Because of these issues many organizations have moved or “repatriated” applications back from the public cloud or chosen a hybrid cloud strategy. This is a combination of on-premises infrastructure and the public cloud that can provide the ability to use the cloud for some activities, such as development, while running production workloads on premises.
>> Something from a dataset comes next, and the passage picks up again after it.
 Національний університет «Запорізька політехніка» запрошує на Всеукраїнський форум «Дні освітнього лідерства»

Determining that hybrid cloud mix, how much of the total workloads to run in the cloud and how much run on-premises, can be a complex decision involving multiple factors including a cost comparison. This report looks at Dell EMC VxBlock 1000 as an on-premises solution and as the on-premises portion of a hybrid cloud environment. Using a Total Cost of Ownership (TCO) model it compares this on-site infrastructure for running virtualized workloads with a similarly configured solution running in Amazon Web Services (AWS). This report shows that the public cloud is significantly more expensive, more than double the cost of a hybrid solution and more than 3x the cost of an all on-premises solution, based on a comparison of monthly costs.
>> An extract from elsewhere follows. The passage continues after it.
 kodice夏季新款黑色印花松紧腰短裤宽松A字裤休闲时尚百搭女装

Infrastructure for this TCO Comparison
This TCO model compares an on-premises converged infrastructure solution, Dell EMC VxBlock 1000, to an AWS infrastructure with comparable compute power, memory and storage capacity. The model emulates an enterprise IT environment supporting a combination of workloads over a 3-year period. The graphic in Figure 1 shows the growth of this infrastructure as new applications are developed, tested and put into production in four phases: Development, Pre-Production, Production Phase 1 and Production Phase 2. The assumption is that development for new applications will continue as current applications move into production. At the end of three years IT estate growth reaches a stasis, of sorts, with a maximum of 650 applications supported on an ongoing basis.